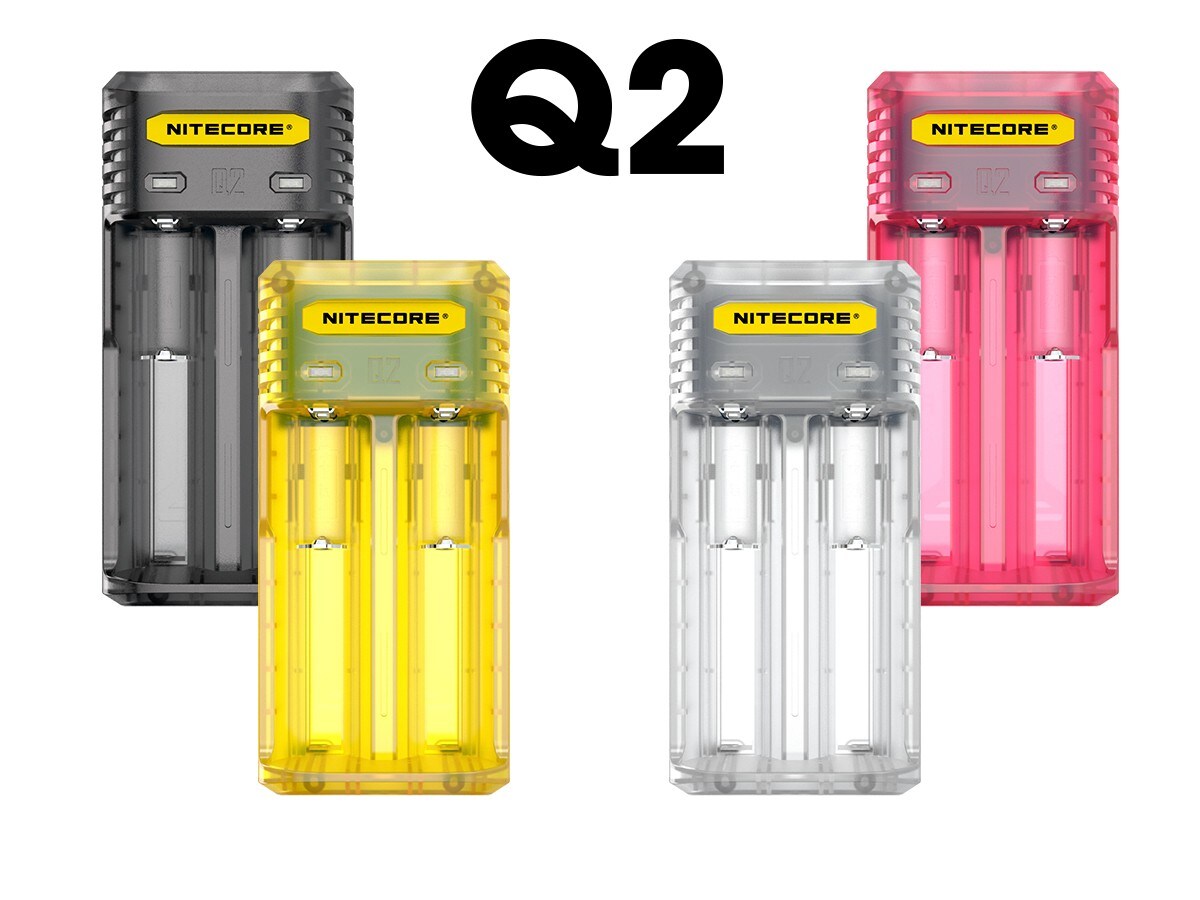 Nitecore Q2 - Schnelladegerät für Li-Ion Akkus, 2 Schachtlader - 4 Farben zur Auswahl Trans
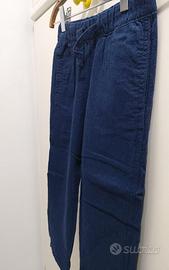 Modello: pantalone leggero in misto lino con due tasche anteriori e una posteriore, laccetto regolabile in vita.
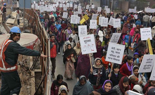 Mercoledì migliaia di donne hanno manifestato pacificamente nelle strade di Nuova Delhi per protestare contro le violenze sessuali in atto nel paese e chiedere una nuova legge più severa contro il crimine dello stupro. Tra loro era presente anche il ministro Sheila Dikshit.
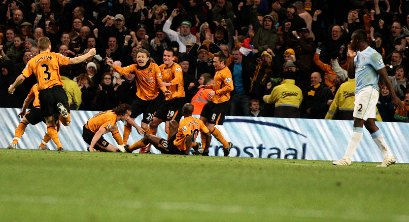 Chinese laws regarding the advertisement of betting services meant the shirts worn in two Barclay’s Asia Trophy fixtures in Beijing were sans-Totesport branding. The colour of the away kit was termed ‘Fusion blue’ by Umbro, shirt, shorts and socks were all of that shade with navy contrast trim. That kit was worn at Wolves, Fulham, Bolton and Tottenham in the Premier League, and in a mid-season friendly against Atalanta in Bergamo, Italy.
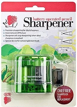 Ascuțitoare electrică compactă și fiabilă ICO Mini pe baterii, pentru creioane și creioane colorate standard cu diametrul de 8 mm. Oferă ascuțire rapidă și curată fără efort, ideală pentru școală, birou și acasă. Pachetul include o lamă de rezervă pentru o durată de viață mai lungă. Dispozitivul nu poate fi alimentat cu adaptor.
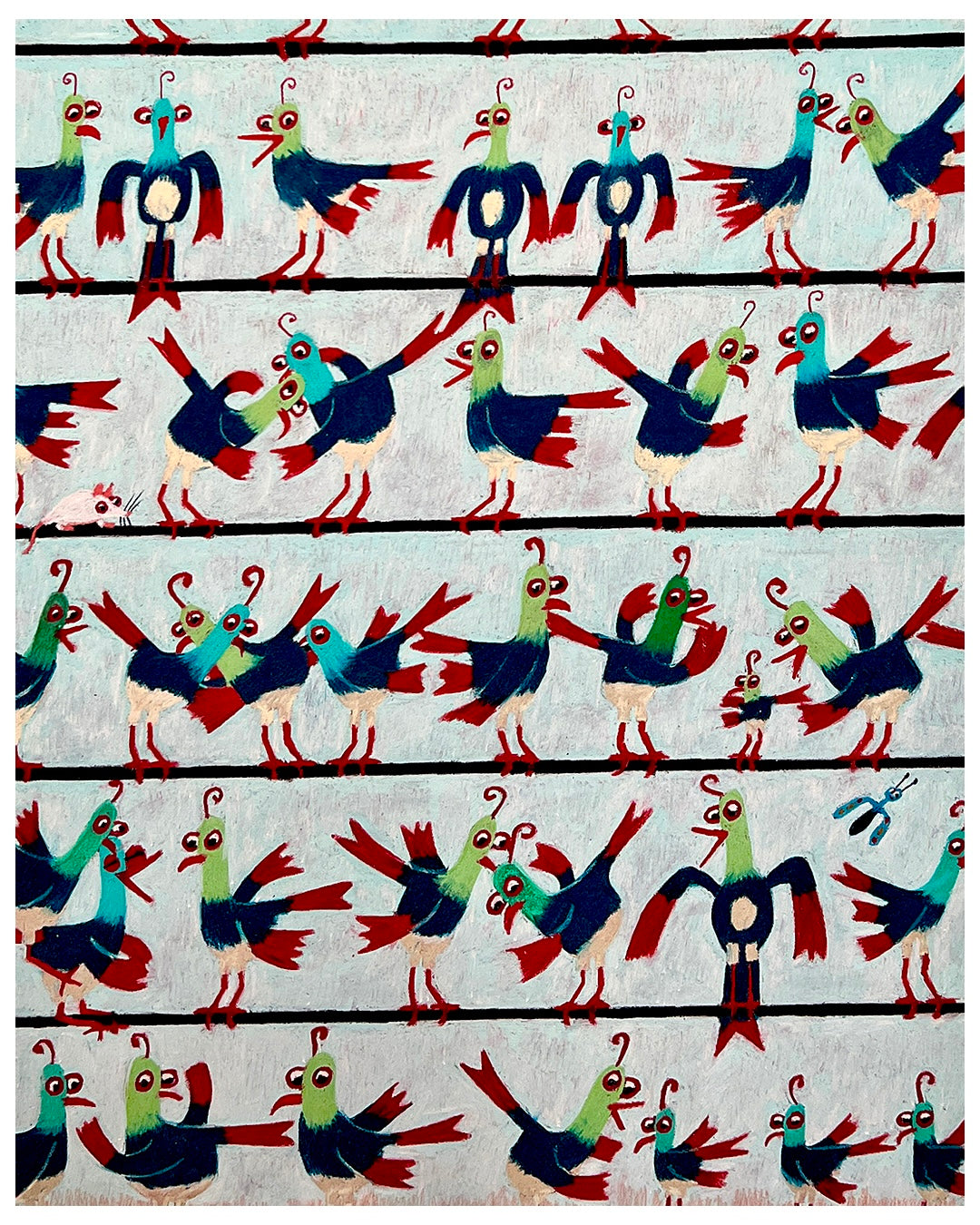 Soft pastel and pastel colored pencil on industrial grade sanded paper.

_ _ _

- [ASSIGNMENT] Only the lines from the top of the data through the line with "Modello: pantalone leggero" should be quoted, exactly and with both ends kept; skip the pictures.

- [ANSWER TO THE PROBLEM]
 Nitecore Q2 - Schnelladegerät für Li-Ion Akkus, 2 Schachtlader - 4 Farben zur Auswahl Trans
 Modello: pantalone leggero in misto lino con due tasche anteriori e una posteriore, laccetto regolabile in vita.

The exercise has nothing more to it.